I’m helping to lead a study abroad trip in Rome for the next couple of weeks, so the Water Dipper will be on hiatus. But I plan to return at the end of January.
“Wendell Berry Book Club.” Ashley Colby is convening an online book club to discuss Berry’s Need to Be Whole. Lots of people have signed up, so she’s organizing several groups of 10-15 people who want to meet once a month and talk about a chapter from that book. I’m looking forward to these discussions.
“Why Future Generations Will Celebrate Pope Emeritus Benedict XVI.” Michael Brendan Dougherty articulates some of the features of Benedict’s legacy, focusing on his theological and philosophical contributions and his critique of reason cut off from transcendence: “This impoverished vision of reason robs men of not just their faith, but also philosophy and the speculative power that dignifies man from other creatures. In this lecture and in other homilies given during a visit to the United Kingdom, Benedict was outlining his response to what he saw as the ‘dictatorship of relativism,’ where a pervasive skepticism robbed life of all grounded meaning and left the human person marooned and vulnerable to the tyranny of ‘one’s own ego and desires.’”
“Happy New Year, 1991!” Nadya Williams reflects on time and memory at this turning of the year and recalls her last months in Russia with her family before they fled the collapsing Soviet Union: “life is so often this way—we do not know when a farewell is complete and final, rather than just a see-you-later.”
“Living Outside of Time.” Gary Saul Morson on Eugene Vodolazkin is not to be missed. Morson discusses all of Vodolazkin’s novels, focusing on his explorations of time: “For Vodolazkin, utopianism characterizes ‘the modern mind,’ which misunderstands the relation of human life to time and history. Because utopian thinking places the highest value on the remote future, Bakhtin explained, the near future of the present moment ‘is drained and bled of its substance.’ What’s more, the myth of inevitable progress, Vodolazkin writes in his essay ‘At Lenin’s Tomb,’ substitutes the calendar for real thinking.”

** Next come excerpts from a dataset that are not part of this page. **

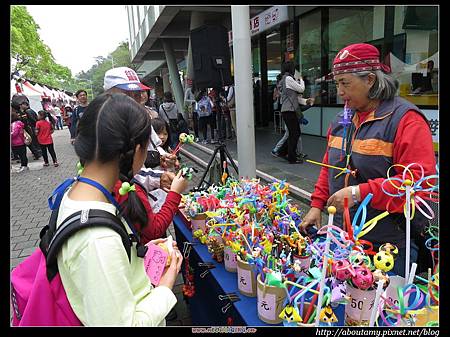 提早到達的我們先報到,然後在附近逛逛. Ashley和Ray看到有攤販賣自製的吸管藝品,覺得很新奇. 想買來當範例,自己回家練習做做看. Ashley選了粉紅色大象,Ray選了藍色的馬. 兩種都可以吹出聲音,不同的是: 藍馬可以一邊吹,一邊做出跑步的動作.
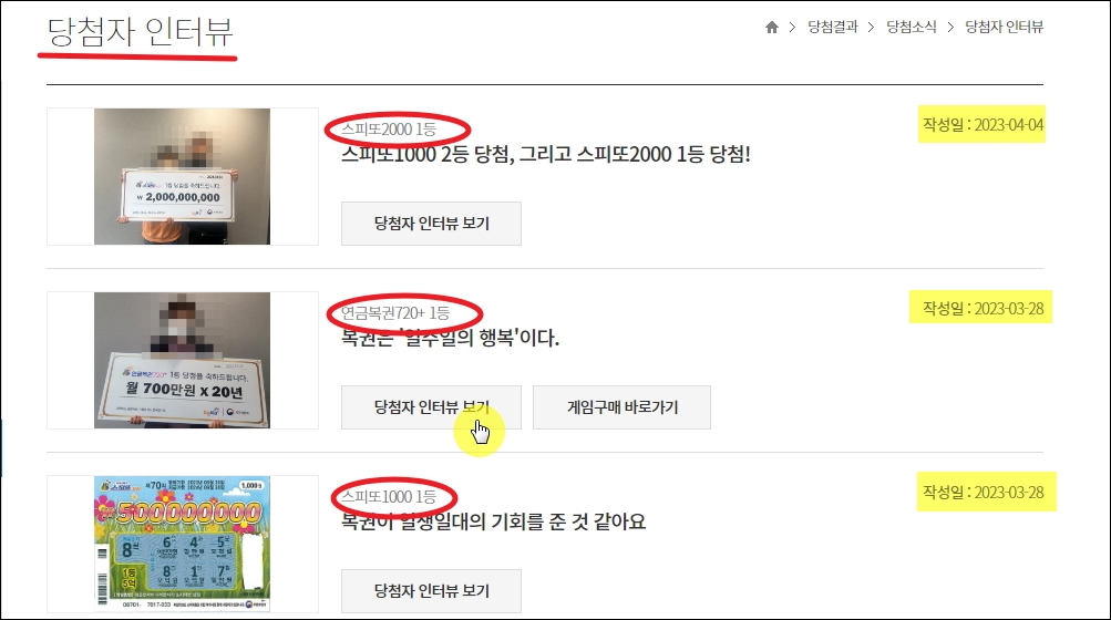 로또나 다양한 복권에 당첨되는 꿈을 살펴볼 수 있는 인터뷰 페이지가 열렸습니다. 여러 가지 복권에서 큰 상금을 획득한 분들의 인터뷰가 나타나는데요. 여기서 보고 싶은 것을 클릭하면 로그인 없이 바로 내용을 읽을 수 있어요. 작성일을 보면 알 수 있듯이 계속 업데이트가 되고 싶습니다.
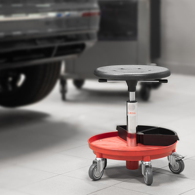 Åkstol Global, PU-sits och 5 st hjul, höjdjustering 350-480 mm
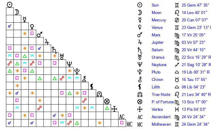 | Sun | 25 Gemini 16 | 25 Gemini 23 | 8 Leo 12 |
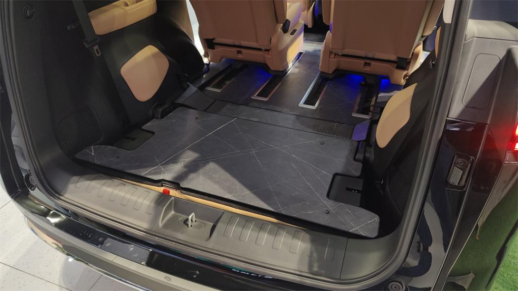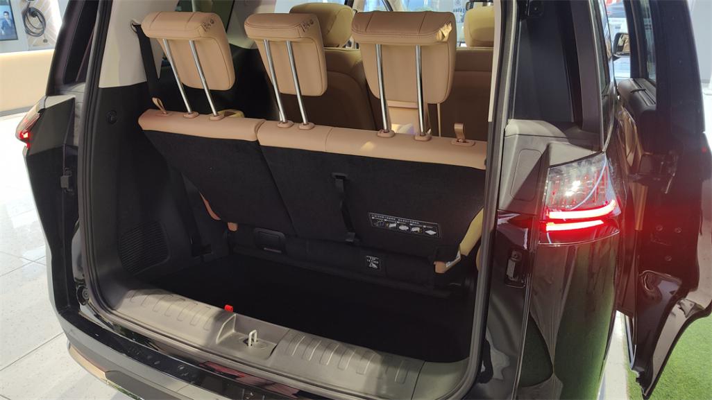 三排座椅的收納方式,也是很“日系”的結構形式。將靠背折疊后整體向下隱藏在地臺下方,不但獲得一個平整的加大行李廂,常規狀態下的尾廂空間也有一定保證,345L的容積塞兩個登機箱問題不大。
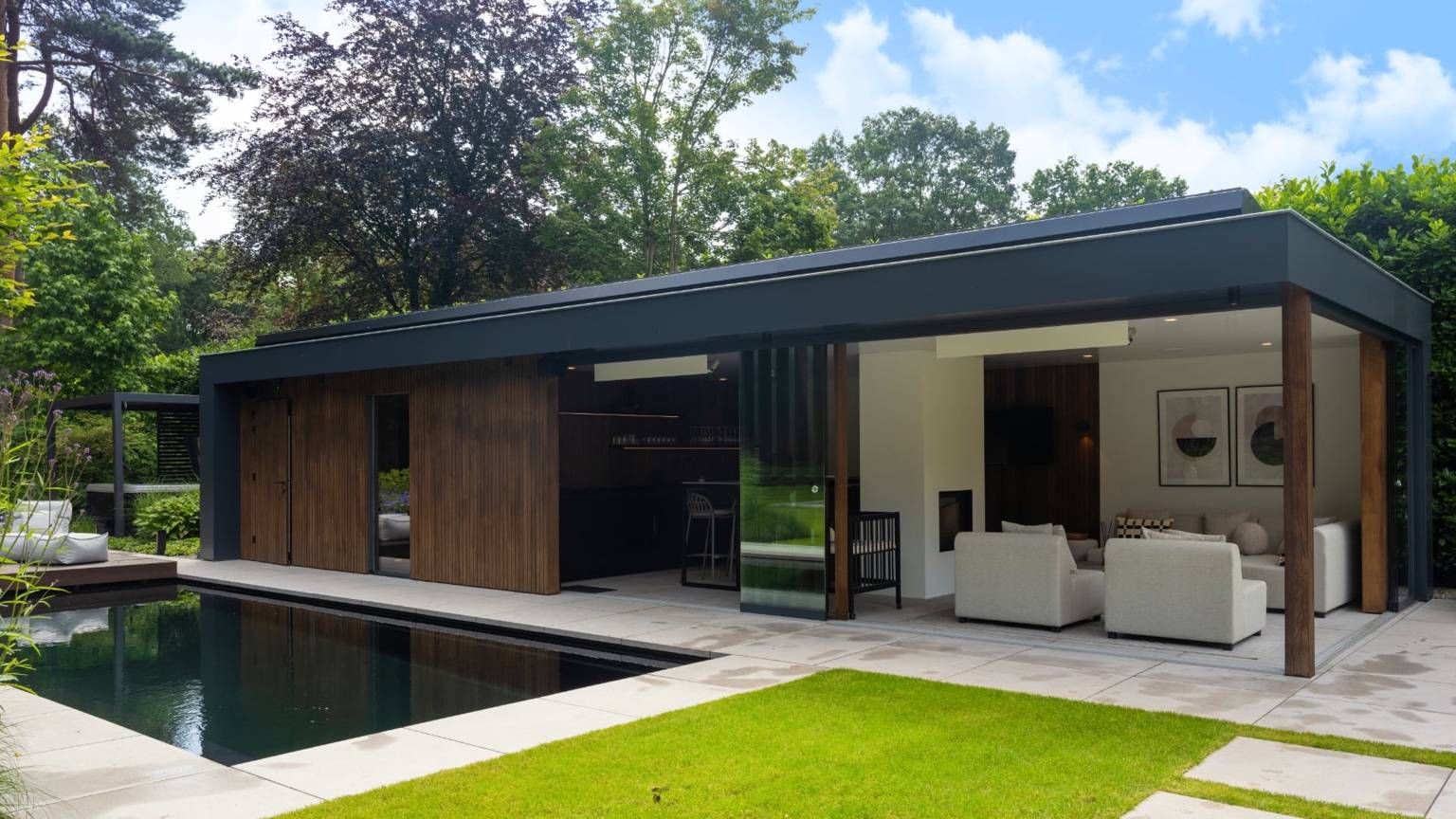 Het poolhouse is hier geen bijgebouw, maar een volwaardig buitenverblijf. Door gebruik te maken van natuurlijke materialen en strakke lijnen vormt het de brug tussen de witte villa en het robuuste bos. Binnenin vloeien de functies in elkaar over: van de hitte in de sauna naar de ontspanning aan de bar, met altijd zicht op het weerspiegelende water en de jeu de boulesbaan.
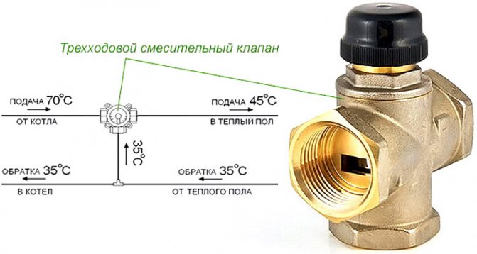 Le travail du type n ° 1 est basé sur une vanne à trois voies pour un plancher chaud, dont la tâche est de combiner une nouvelle source de chaleur d'une chaudière de chauffage avec une chauffée refroidie.
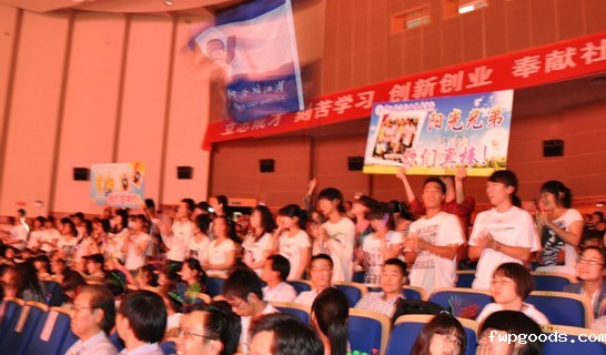 我校师生方阵在颁奖现场起立为李阳加油鼓劲
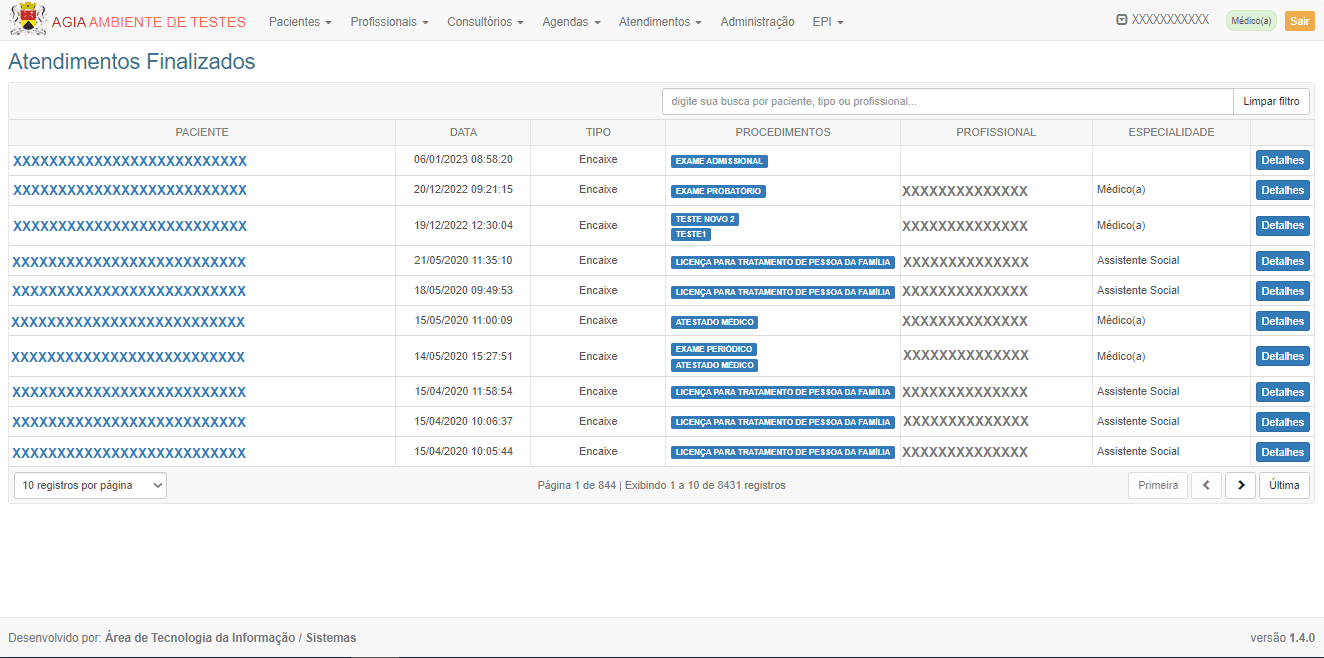 Na área de atendimentos finalizados, há como verificar quem foi o profissional responsável por aquele atendimento, além de possibilitar verificar os detalhes sobre um atendimento em específico. Também é possível pesquisar os atendimentos por paciente, tipo de atendimento e profissional.

“What Makes Poetry Christian?” Andrew Frisardi reviews the anthology recently published by Micah Mattix and Sally Thomas and considers that hard questions that all editors of anthologies face: “Micah Mattix and Sally Thomas’s editorial choices cover a lot of ground. In terms of poetic technique, about half of the poems are free verse and half metrical, with and without rhyme, by poets whose voices are alternately skeptical, comic, visceral, visionary, chatty, or devotional. With superb biographical and critical prefaces placed before each poet’s work, the anthology provides a substantial introduction to contemporary Christian poetry in America, as well as food for thought and multiple models for where such poetry might go in the future.”
“The Rise and Fall of Peer Review.” Adam Mastroianni argues that peer review constitutes a failed experiment: “Here’s a simple question: does peer review actually do the thing it’s supposed to do? Does it catch bad research and prevent it from being published? It doesn’t.”
“Why Society Still Needs the Family.” Mary Harrington reviews Sophie Lewis’s Abolish the Family and isn’t convinced: “It’s subtitled A Manifesto for Care and Liberation. But the reality is that wanting both care and liberation is a bit like wanting somewhere to be both a nature reserve and a golf course. It’s no coincidence that the modern world sincerely believes we can have both; we can, somehow, have all the good things at once, with no contradictions.” (Recommended by Martin Schell.)
“The Hopeful Dystopian.” Christian Lorentzen writes about the continued appeal of Christopher Lasch’s vision: “His is a vision not of heroes and villains, nor of friends and enemies, but of a system that has, through accumulating unintended consequences, atomized the citizenry, undermined the idea of “the common life,” and rendered the world instead “a war of all against all.” Given that the first priority of anyone who finds themselves in such a world will be survival, Lasch’s works have the same appeal as classics of dystopian literature.”
“How to Save Britain’s Pig Farms.” John Lewis-Stempel details the state of UK pork and pulls no punches: “The treatment of pigs is the pig industry’s real problem, not today’s high grain prices, or the long-term reluctance of supermarkets to pay a fair price or even the numberless failed government promises of aid.”
“A Masterpiece Novel That Should Be an Instant Classic.” Jessica Hooten Wilson reviews a new translation of a classic nineteenth-century Italian novel: “Although written in the nineteenth century, The Betrothed poses as a retelling of a seventeenth-century manuscript, recording a true story that occurred during this historical period. The novel becomes an emblem of Italian identity, the first work of such magnitude in the Italian language. Now in a beautiful translation for English readers, the novel compels us to answer questions about how to be virtuous in our own time and place.”
“2022 Congressional Stock Trading Report.” Unusual Whales is out with its yearly report on congressional stock trading, and once again, members of congress dramatically outperformed the S&P 500. There seems to be some growing consensus behind a trading ban, but the practice remains legal—and lucrative.